ACTION ITEM:
Your answer should consist only of the lines below from the one with "2.5-LINER | CELLS: 51" through the one with "avg(dm-1 read) = 594.82", copied exactly.

___ INFORMATION PROVIDED

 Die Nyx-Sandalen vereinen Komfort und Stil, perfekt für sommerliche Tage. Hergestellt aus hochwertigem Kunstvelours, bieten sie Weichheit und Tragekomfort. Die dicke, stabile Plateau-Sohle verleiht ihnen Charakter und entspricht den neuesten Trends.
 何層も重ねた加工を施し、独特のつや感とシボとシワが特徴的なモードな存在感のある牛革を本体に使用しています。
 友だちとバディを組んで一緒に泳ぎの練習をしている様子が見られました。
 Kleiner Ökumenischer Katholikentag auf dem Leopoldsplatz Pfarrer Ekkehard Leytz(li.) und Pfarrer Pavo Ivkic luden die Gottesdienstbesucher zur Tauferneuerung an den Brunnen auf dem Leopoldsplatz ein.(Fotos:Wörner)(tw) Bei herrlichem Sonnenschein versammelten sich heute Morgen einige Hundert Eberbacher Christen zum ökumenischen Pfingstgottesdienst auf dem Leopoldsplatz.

______
___ INFORMATION PROVIDED

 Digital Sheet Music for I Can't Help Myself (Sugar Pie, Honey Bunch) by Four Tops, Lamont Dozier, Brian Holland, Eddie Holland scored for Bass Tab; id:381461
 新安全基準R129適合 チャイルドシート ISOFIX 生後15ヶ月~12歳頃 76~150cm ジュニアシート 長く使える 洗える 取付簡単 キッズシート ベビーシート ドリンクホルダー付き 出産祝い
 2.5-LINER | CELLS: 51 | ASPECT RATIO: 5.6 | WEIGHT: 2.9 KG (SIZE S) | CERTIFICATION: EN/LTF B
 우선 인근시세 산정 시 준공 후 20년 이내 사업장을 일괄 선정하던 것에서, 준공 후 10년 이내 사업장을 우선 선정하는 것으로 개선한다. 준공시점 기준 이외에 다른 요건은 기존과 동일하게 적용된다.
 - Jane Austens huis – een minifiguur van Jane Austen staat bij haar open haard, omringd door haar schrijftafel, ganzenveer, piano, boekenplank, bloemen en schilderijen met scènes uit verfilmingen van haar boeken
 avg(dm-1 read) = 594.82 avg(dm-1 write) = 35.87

______
___ INFORMATION PROVIDED

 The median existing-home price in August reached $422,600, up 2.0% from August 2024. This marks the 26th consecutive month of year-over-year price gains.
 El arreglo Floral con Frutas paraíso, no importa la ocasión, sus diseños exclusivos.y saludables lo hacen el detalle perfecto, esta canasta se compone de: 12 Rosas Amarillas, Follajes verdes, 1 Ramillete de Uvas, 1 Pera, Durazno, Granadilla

______

SOLVED PROBLEM:
 2.5-LINER | CELLS: 51 | ASPECT RATIO: 5.6 | WEIGHT: 2.9 KG (SIZE S) | CERTIFICATION: EN/LTF B
 우선 인근시세 산정 시 준공 후 20년 이내 사업장을 일괄 선정하던 것에서, 준공 후 10년 이내 사업장을 우선 선정하는 것으로 개선한다. 준공시점 기준 이외에 다른 요건은 기존과 동일하게 적용된다.
 - Jane Austens huis – een minifiguur van Jane Austen staat bij haar open haard, omringd door haar schrijftafel, ganzenveer, piano, boekenplank, bloemen en schilderijen met scènes uit verfilmingen van haar boeken
 avg(dm-1 read) = 594.82 avg(dm-1 write) = 35.87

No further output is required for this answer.